Juliette Scott, who writes a rather nice blog mostly concerned with legal translation issues, has done some nice (NIFTY) work as part of her doctoral thesis using monolingual corpora to study patterns of use in target languages and suggest useful strategies for building collections of specialized text. Good, perhaps even obvious stuff which applies to any domain I can think of, though the practice of building focused corpora from carefully selected sources is still far too rare among those of us who use the label "translator" or "language professional". I certainly need to do that more often.

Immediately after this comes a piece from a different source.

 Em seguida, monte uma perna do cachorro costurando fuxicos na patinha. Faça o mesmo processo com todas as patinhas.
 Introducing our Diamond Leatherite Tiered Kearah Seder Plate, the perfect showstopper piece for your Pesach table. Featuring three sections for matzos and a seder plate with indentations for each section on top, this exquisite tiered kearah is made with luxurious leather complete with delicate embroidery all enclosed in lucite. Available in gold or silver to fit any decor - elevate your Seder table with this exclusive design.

Ah, but if I have just a monolingual corpus to understand proper use of terms in the target language, how will I know what the right translation is? That's a hard one. One that perhaps I can't answer. At least not without the use of a BAT* tool. But if that's too hard, I know just the place to go: proZ.com, where "certified pros" compete for points on KudoZ and offer mutual reinforcement and enlightenment to those who run rapidly on their wheels to keep pace with changing expectations of quality.

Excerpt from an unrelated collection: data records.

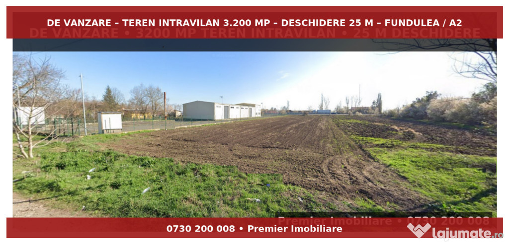 Premier Imobiliare – Agentia Fundulea va ofera spre vanzare un teren intravilan de 3.200 mp in Fundulea, amplasat langa Autostrada A2 (Autostrada Soarelui ) si foarte aproape de Gara CFR Fundulea, cu acces rapid si facil catre Bucuresti, la doar 25 de minute.Situat în Fundulea, într-o zonă mixtă care se dezvoltă rapid, terenul este potrivit pentru o gamă largă de proiecte: dezvoltări de locuințe, depozite logistice, hale industriale sau spații comerciale (service auto, showroom, sediu de firmă).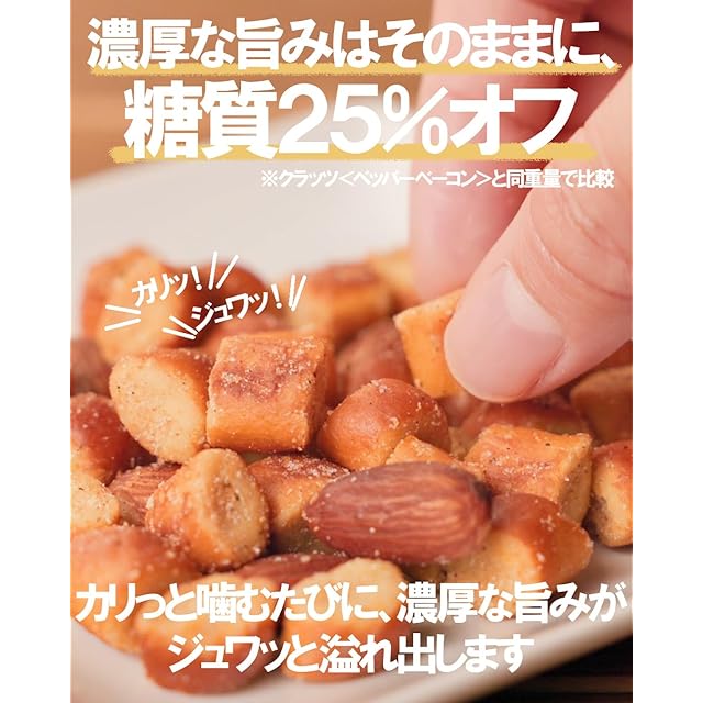 原材料:小麦粉(国内製造)、植物油脂、アーモンド、でん粉、砂糖、オニオンペースト、ポークエキスパウダー、ショートニング、にんにくパウダー、モルトエキス、チキンエキスパウダー、小麦たんぱく、食塩、しょうゆシーズニング、こしょう、乾燥ビール酵母、酵母エキスパウダー、ベーコンエキス、たまねぎシーズニング、イースト/加工デンプン、調味料(アミノ酸等)、香料、乳化剤、くん液、(一部に乳成分・小麦・大豆・鶏肉・豚肉・ごま・アーモンドを含む)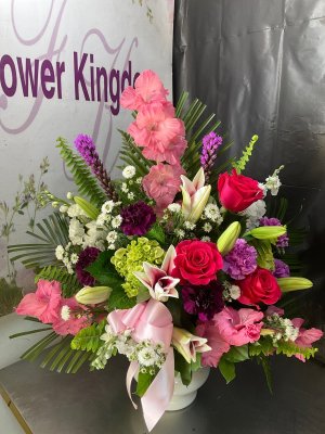 The flowers are stunning! Flower Kingdom does an incredible job always. My Grandmother loved her flower arrangement.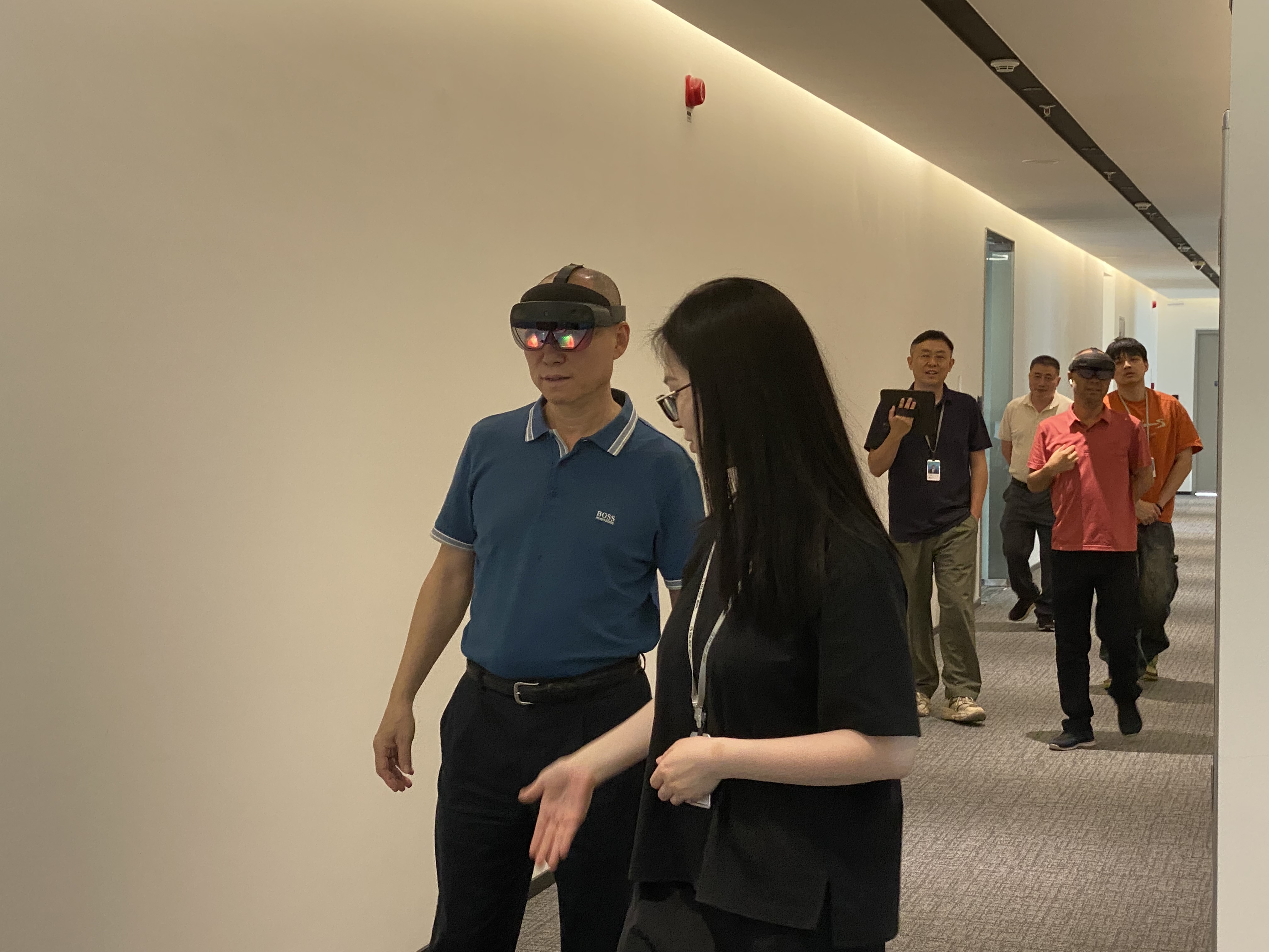 在博乐信息展厅,赵会长一行通过MR设备,感受虚实场景的无缝融合,并穿梭了元宇宙“时空走廊”,对于这种将有限空间转化为无限内容载体、沉浸式探索的方法技术表示认可。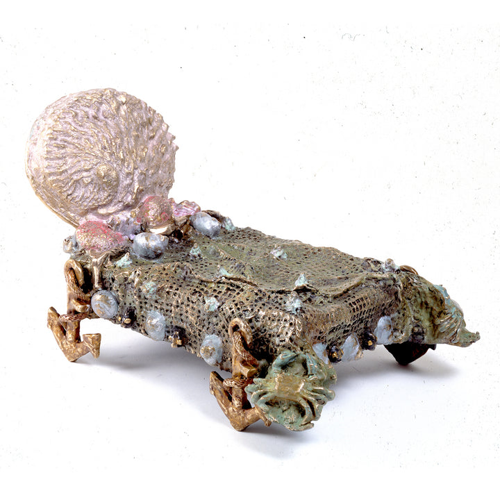 She made a necklace out of his oceans,she made a throw rug out of stars but each splintered mirror of maritime sky but each drowned meadow, but each sleeping in mollusk waves, but the bones of innocent sea creatures… George Wallace, poet laureate.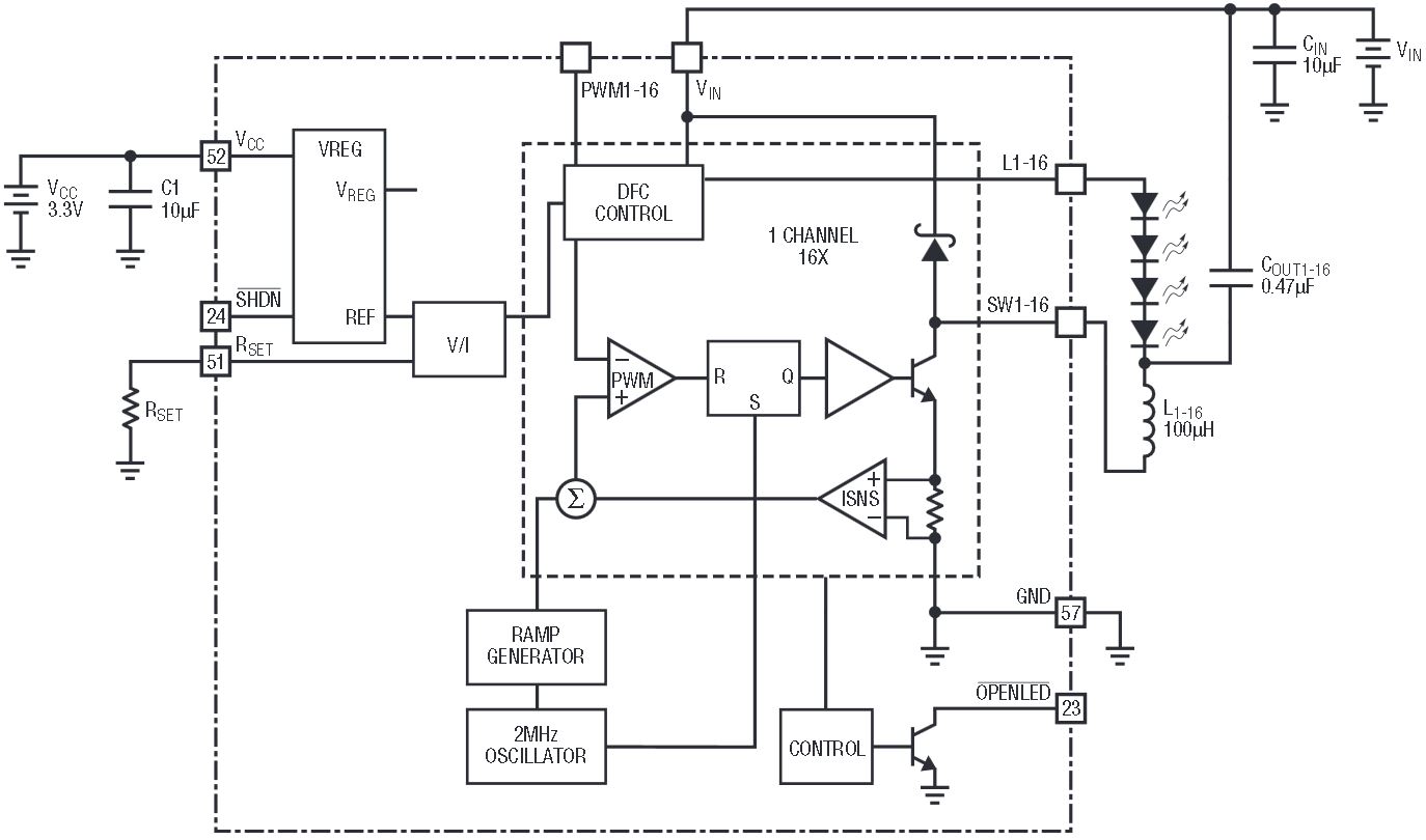 The fixed frequency, current mode control scheme provides stable operation over a wide range of input and output voltages and currents. Direct control of the LED current through internal sense resistors for each channel and internal switches and control circuitry for each channel provide excellent constant current source regulation for LED driving. The internal 100mA power switches and exposed thermal pad of the 56-pin QFN provide enough power and thermal management to handle the power and heat of 16 channels at 50mA.

I could of course take one of the accepted "solutions" from Linguee and feed the same sort of self-recycling GIGO loop that Google now admits to be an ever-growing part of its searched wisdom.

So what is your solution to the Medienbruch? Or are you part of the problem?

Feb 15, 2014

Indestructible Italian quality!

Language service providers like yours truly spend a lot of time talking about the high cost of crap quality. But that applies to most things, really. An old friend of mine who struggled at the start of his professional life paying his way with handyman work while creating beautiful custom furniture knew that he could afford only the finest tools though not always meat to go with the bread on his table.

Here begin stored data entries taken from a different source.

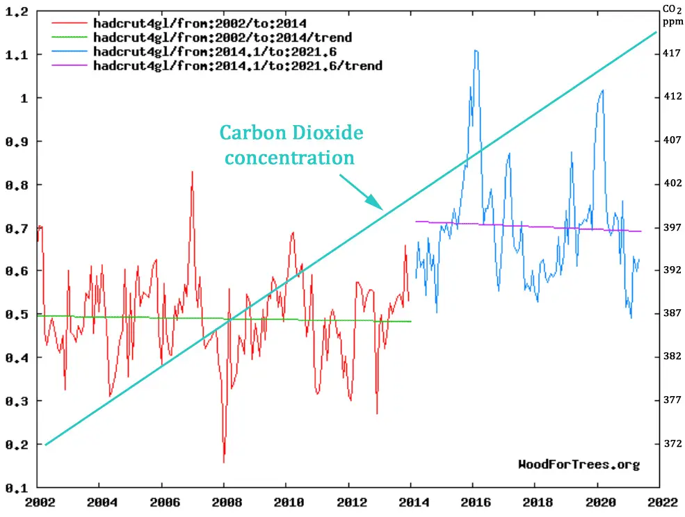 and this recent lack of CO2 to temperature relationship,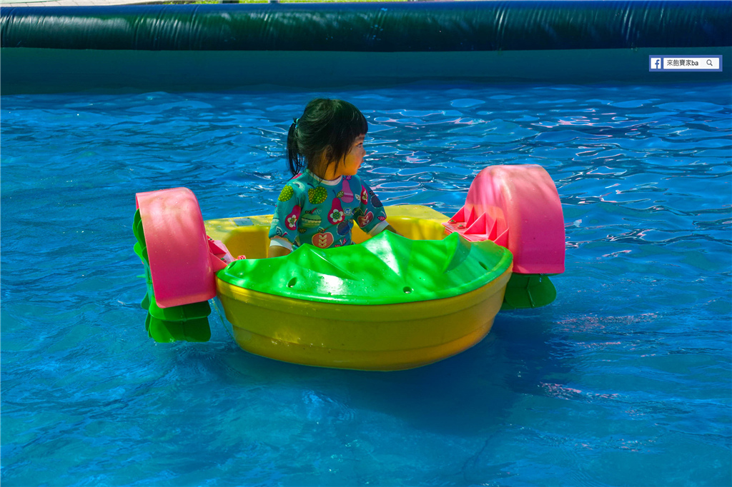 ▲ 手搖船,人多時限時3分鐘,可重新排隊再玩,若有幼兒家長可入池陪伴,像飽寶完全不懂怎麼手動搖船,全程就是靠工具人爸爸推到東又推到西,工作人員全程在水池裡留意孩子狀況
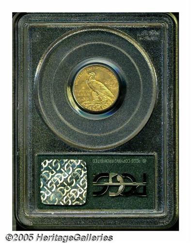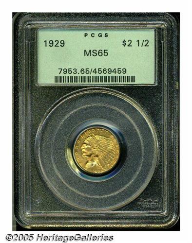<B>1929<$2 1/2> MS65 PCGS.</B></I> Unlike its Half Eagle counterpart, the 1929 Indian Quarter Eagle is a relatively available coin in all grades. However, this issue's certified population does drop off rapidly above the MS64 level, and the number of accurately graded Gems is unequal to that of high quality gold specialists. Thickly frosted in all areas, the surfaces are free of grade-limiting bagmarks. The central features are sharp, but the bottom feathers in the Indian's headdress are inadequately defined due to uneven striking pressure. Still, this is an exceptionally attractive survivor of this conditionally scarce, final-year issue.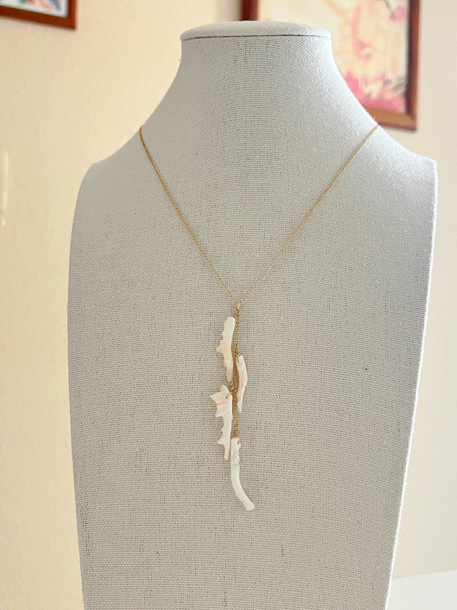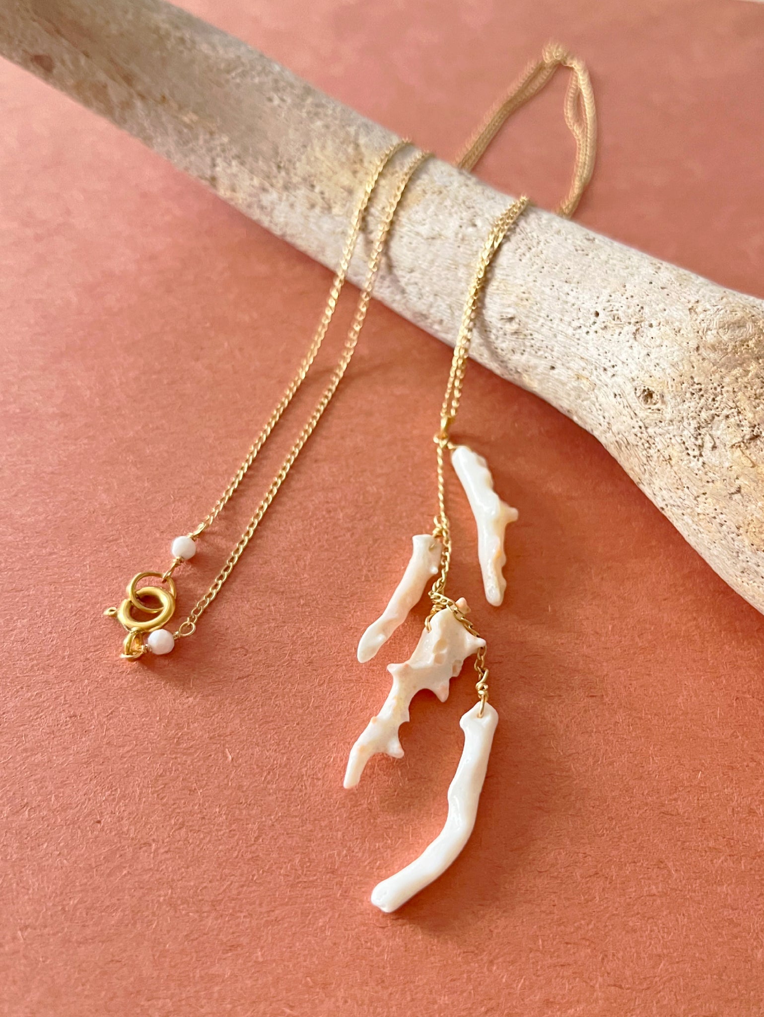 Materials: Natural Angel skin Coral branch (Head charm length 3"/14KGF chain/Round conch shell(3.5mm)

I drink a lot of coffee, and I enjoy it in a variety of ways. As those who have visited my kitchen can attest, it's almost like a fetish with the various pots, presses and filters, each teasing different qualities of taste from a well-roasted bean. I thought by now I would have learned most of what I needed to know to ensure good results in the "coffee kitchen".

Distraction has taught me - or reminded me - of a few things lately. Three times now I have become involved in work or gone off shopping with friends and forgotten a moka pot on the fire. The first time, I returned to a house filled with toxic smoke from the burned plastic handles and top knob, and I was grateful the house had not burned down and the dogs were still alive. More recently I left my favorite Bialetti Brikka pot on the flame for several hours. Twice.

If anyone wants to say nasty things about Italian engineering, I will have to plead for the defense. In contrast to the complete destruction of the cheap moka pot after an hour, the Bialetti pot just needed a bit of scrubbing. Even the gasket was OK, which amazed me. The durability of the pots that cost me about €30 is so much beyond that of a €7 pot that to compare them is almost a crude joke. Oh yes, and I don't know any other manufacturer who offers such an excellent pressure valve for crema at that price.

Image from Alexandre Enkerli, Creative Commons Attribution-Share Alike 2.0 Generic license
There are obvious analogies to our work as translators, of course. But I don't need to insult anyone's intelligence by explaining them. I'll just go enjoy another shot of coffee from my indestructible Italian-engineered pot.